> [Data for analysis]:
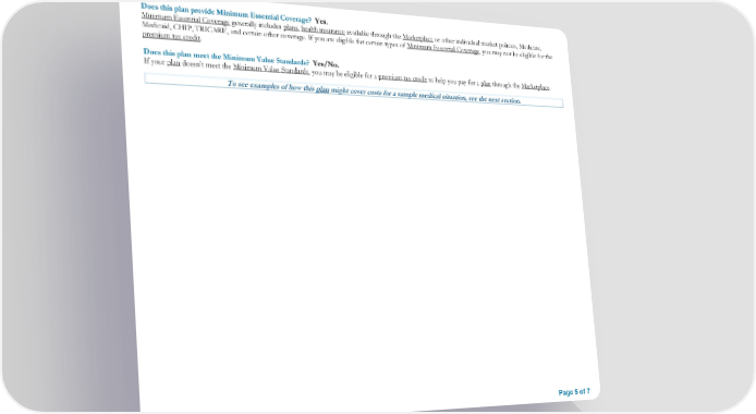 Page 5 of 7 Does this plan provide Minimum Essential Coverage? Yes. Minimum Essential Coverage generally includes plans, health insurance available through the Marketplace or other individual market policies, Medicare, Medicaid, CHIP, TRICARE, and certain other coverage. If you are eligible for certain types of Minimum Essential Coverage, you may not be eligible for the premium tax credit. Does this plan meet the Minimum Value Standards? Yes/No. If your plan doesn’t meet the Minimum Value Standards, you may be eligible for a premium tax credit to help you pay for a plan through the Marketplace. To see examples of how this plan might cover costs for a sample medical situation, see the next section.
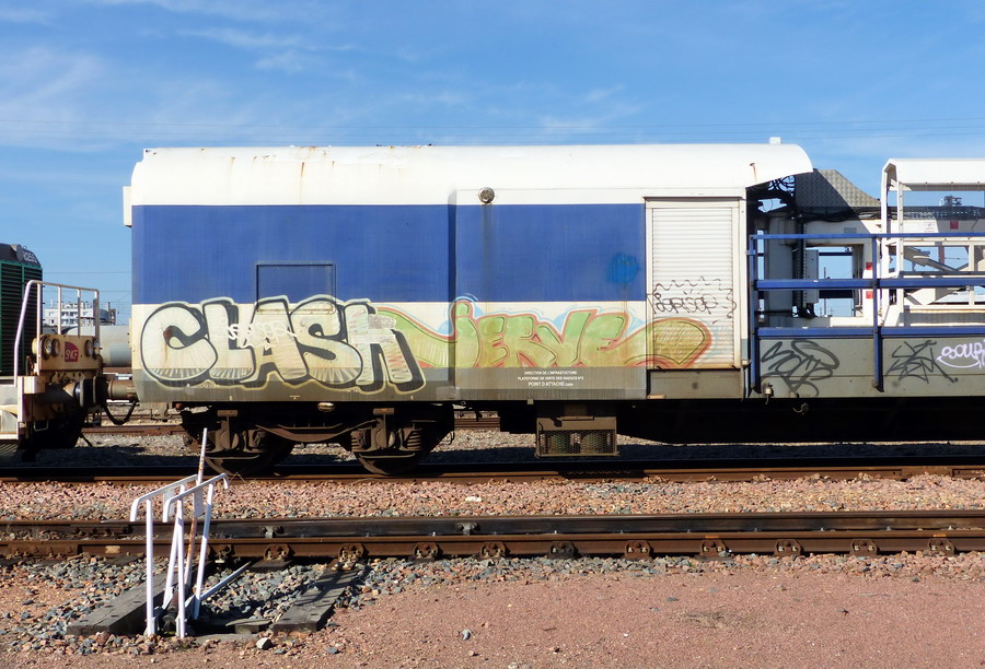 Le voici sur une rame Infra sur la zone de garage des rames SNCF Réseau à Saint Pierre des Corps le 01 janvier 2019
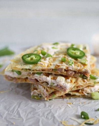 For a spicy way to eat holiday ham leftovers, make these fiery quesadillas with chopped jalapenos and plenty of cheese to balance the heat. Serve with your favorite garnishes, plus homemade salsa and guac for a substantial snack or lunch. Get the recipe here.
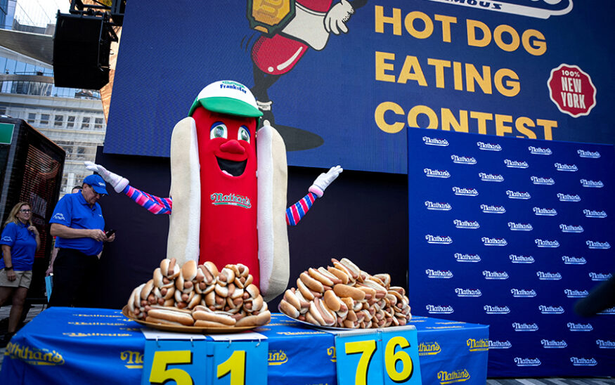 Frankie, the mascot for Nathan's Famous hot dogs, excites the audience at the official weigh-in ceremony ahead of the Coney Island's 2025 Nathan's Famous Fourth of July International Hot Dog Eating Contest in New York City on July 3. Photo by Reuters/Angelina Katsanis.
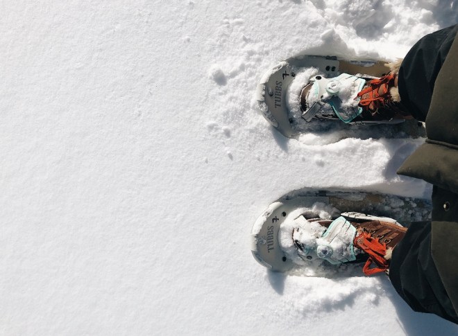2) I skipped skiing (I really don’t ski. I tried a couple times when we visited my Dad in Europe when I was in middle school and I ended up breaking my leg on the Swiss Alps. There are worse ways and places to break one’s leg, I know) and tried snow shoeing for the first time instead.
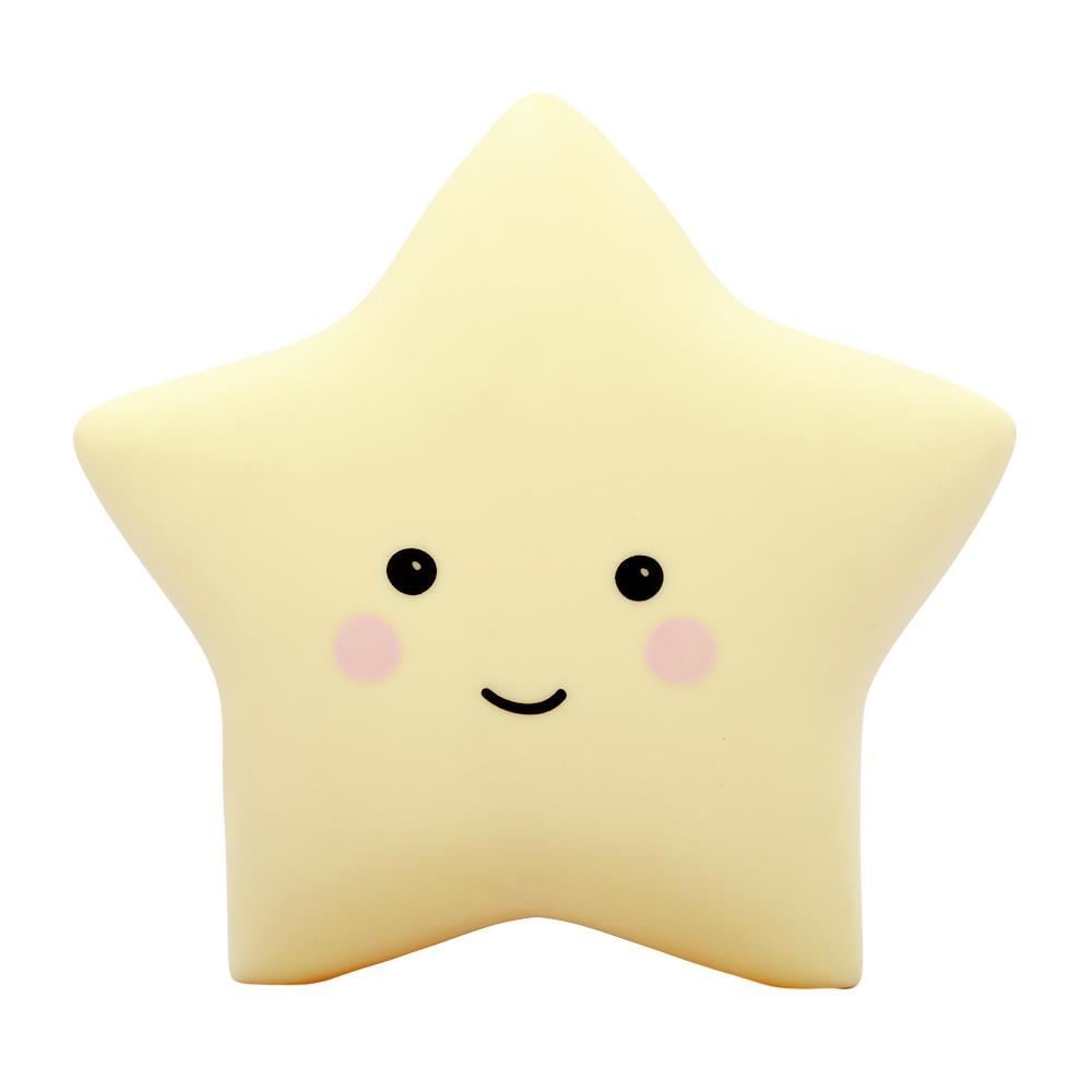 Somn netulburat si odihnitor al bebelusuluiLampa de veghe in forma de steluta zambitoare galbena pentru copii Lumilu Sweet Dreams Star este un accesoriu decorativ dragut in camera copiilor, care ii ajuta sa se simta in siguranta atunci cand raman singuri, pe timp de noapte. Copilul adoarme linistit datorita iluminarii slabe. Lampa are oprire automata, datorita functiei de cronometru. Dupa ritualurile de seara (citit, imbratisari, discutii), temporizatorul asigura stingerea automata a luminii dupa 15 minute. Utilizare sigura datorita luminilor LED si detaliilor inteligenteDeosebit de sigura pentru copii datorita compartimentului pentru baterii, cu insurubare. Astfel, copilul nu poate ajunge la baterie. In plus, designul fara margini si materialul nontoxic - fara BPA si ftalati - fac din aceasta lampa de veghe un companion sigur pentru micutii nostri. Utilizarea este cu atat mai sigura si datorita luminilor LED. Lampa de veghe ofera siguranta prin utilizarea tehnologiei moderne LED. Datorita degajarii scazute de caldura, nu exista riscul de aprindere nici macar in cazul utilizarii pe termen lung. In acelasi timp, aceste lumini creeaza o atmosfera placuta, linistitoare si calda.Specificatiile produsuluiLampa de veghe pentru noptiera, cu lumina LEDForma de stea zambitoareDimensiuni: aproximativ 13,8 x 6,5 x 13 cmMaterial: plasticTemporizator stingere automata cronometrata dupa 15 de minute, pentru economie de energie si durata prelungita de viataFara risc de incendiu, chiar si in cazul utilizarii pe termen lungDeosebit de sigura pentru copii datorita compartimentului pentru baterii cu insurubareMateriale netoxice, fara poluanti - fara BPA si ftalatiFunctioneaza cu 3 baterii LR44 (nu sunt incluse)Durata de viata a lampilor LED: aproximativ 50000 oreCuloare lumina LED: alb

> [Work to complete]:
Copy out exactly the lines above beginning with the line that contains "For a spicy" and finishing with the line that contains "2) I skipped", including both; leave the pictures out.

> [Result of this exercise]:
 For a spicy way to eat holiday ham leftovers, make these fiery quesadillas with chopped jalapenos and plenty of cheese to balance the heat. Serve with your favorite garnishes, plus homemade salsa and guac for a substantial snack or lunch. Get the recipe here.
 Frankie, the mascot for Nathan's Famous hot dogs, excites the audience at the official weigh-in ceremony ahead of the Coney Island's 2025 Nathan's Famous Fourth of July International Hot Dog Eating Contest in New York City on July 3. Photo by Reuters/Angelina Katsanis.
2) I skipped skiing (I really don’t ski. I tried a couple times when we visited my Dad in Europe when I was in middle school and I ended up breaking my leg on the Swiss Alps. There are worse ways and places to break one’s leg, I know) and tried snow shoeing for the first time instead.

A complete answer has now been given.